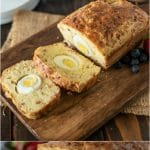 A delicious, moist baked loaf with bacon and cheese along with hard boiled eggs baked right in the center.
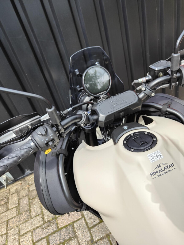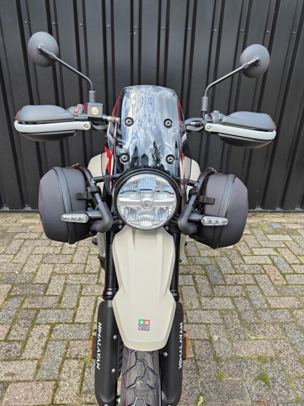 Wij hebben zelf deze nieuwe Himalayan opgebouwd met de originele Royal Enfield Rally accessoire pack Kit.
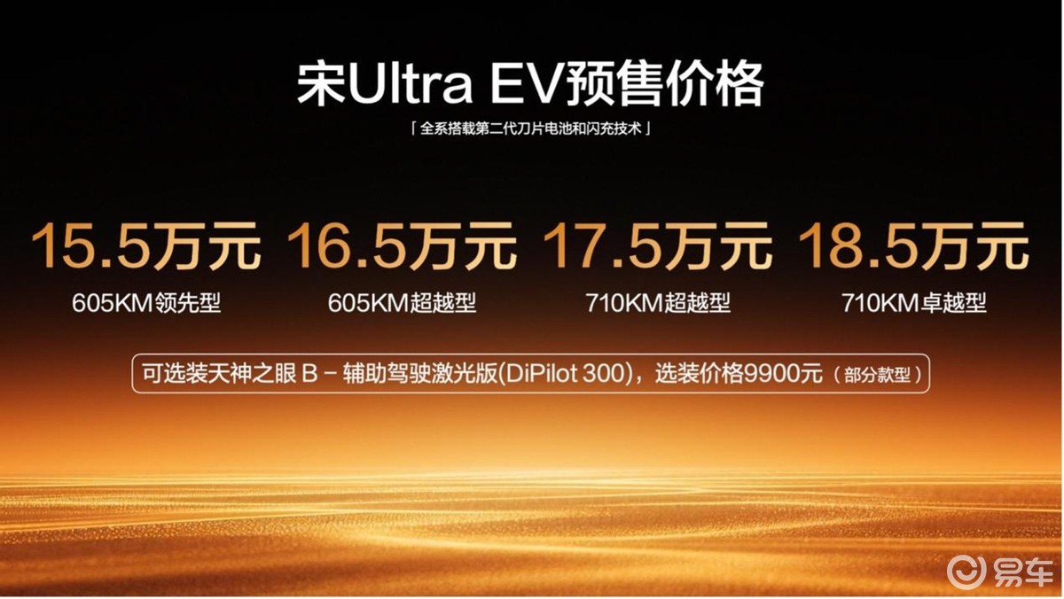 另外除了续航到位之外,宋Ultra EV还可选装激光雷达,整车搭载27个传感器,天神之眼5.0加持,辅助驾驶前行,丝滑行驶,各种科技Buff叠满。
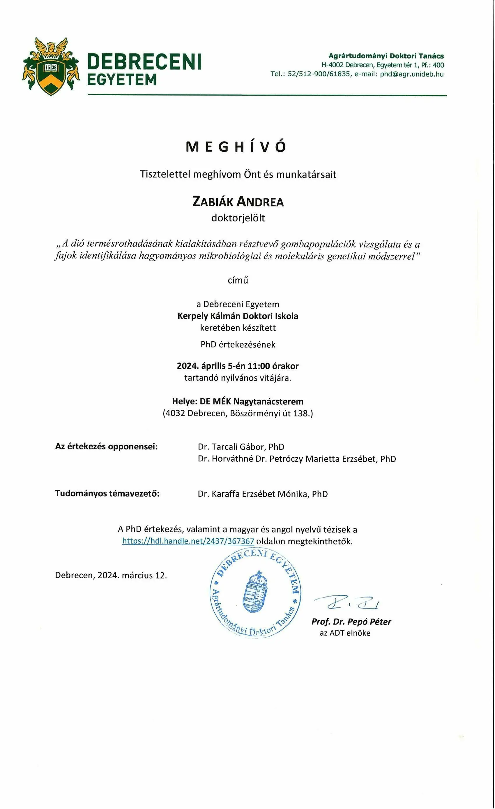 2024. 04. 05., p – 11:00 Tisztelettel meghívom Önt és munkatársait Zabiák Andrea doktorjelölt nyilvános vitájára Legutóbbi frissítés: 2024. 03. 26. 12:13
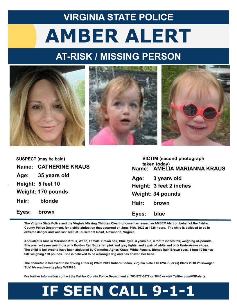 Md State Police On Twitter Amberalert On Behalf Of Virginia State Police An Amber Alert Is Being Activated For Amelia Kraus 3 Believed To Have Been Taken Forcibly By Her Non Custodial Mother
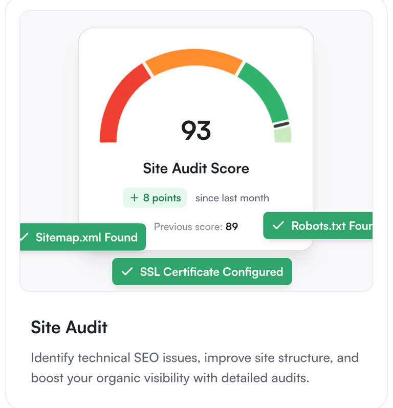 Opinly crawls your site to identify technical SEO issues — broken links, indexation problems, Core Web Vitals, and site structure. It doesn't just flag the problems, it suggests fixes and prioritizes them based on impact. Think of it as a lighter version of Screaming Frog that runs automatically in the background.
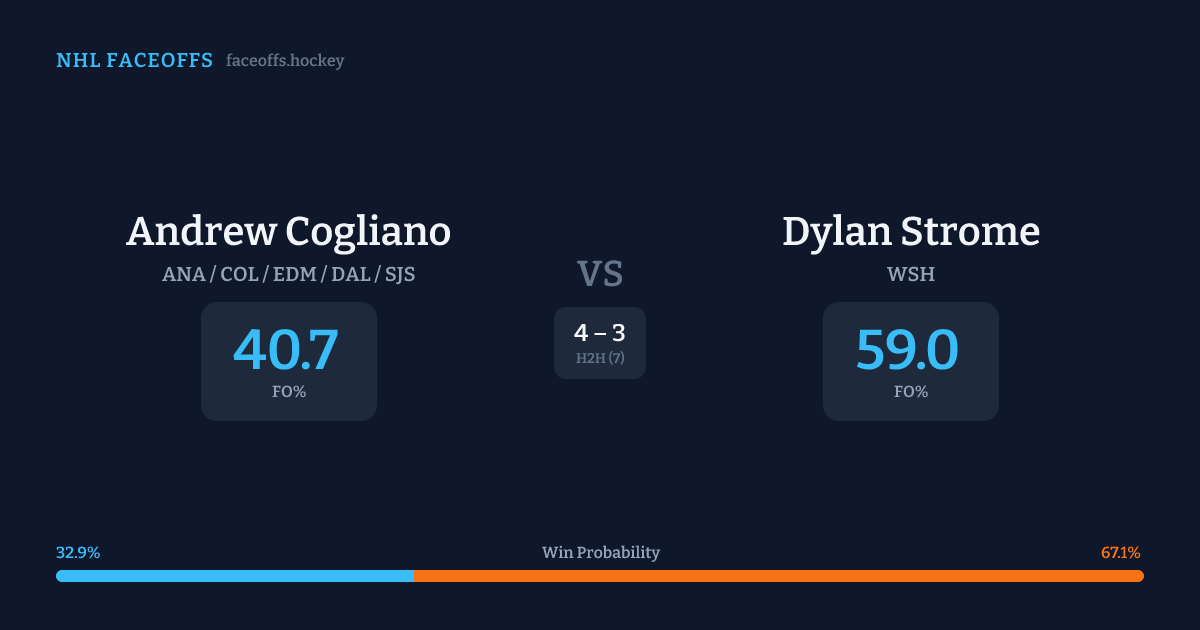 Andrew Cogliano vs Dylan Strome — Faceoff Head-to-Head
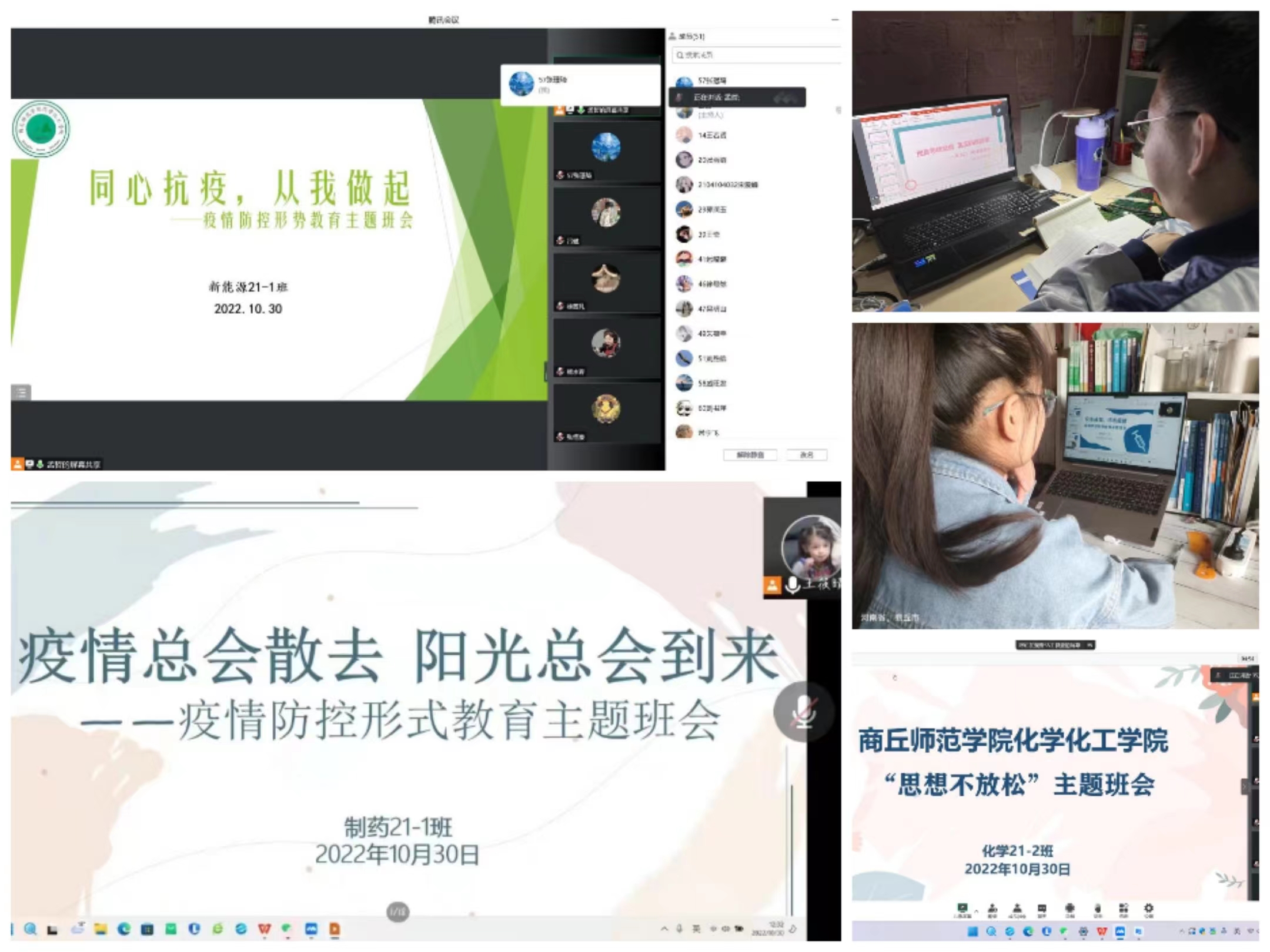 10月30日,2020级组织开展“同心抗疫,共克时艰”主题班会,辅导员李龙梅强调要认清疫情形势的严峻性,增强危机意识,在校园内正确佩戴口罩,按时核酸检测及时上报检测情况。张颜梅提出坚决不信谣、不传谣、不造谣,理解我校疫情防控规定,提高自身思想建设,提升自我品质素质,学会心理调节适当放松自我。

******************************

Among the entries above, take the line with "2024. 04. 05., p", the line with "Md State Police", and all the lines between them, and restate them word for word without pictures.

 2024. 04. 05., p – 11:00 Tisztelettel meghívom Önt és munkatársait Zabiák Andrea doktorjelölt nyilvános vitájára Legutóbbi frissítés: 2024. 03. 26. 12:13
 Md State Police On Twitter Amberalert On Behalf Of Virginia State Police An Amber Alert Is Being Activated For Amelia Kraus 3 Believed To Have Been Taken Forcibly By Her Non Custodial Mother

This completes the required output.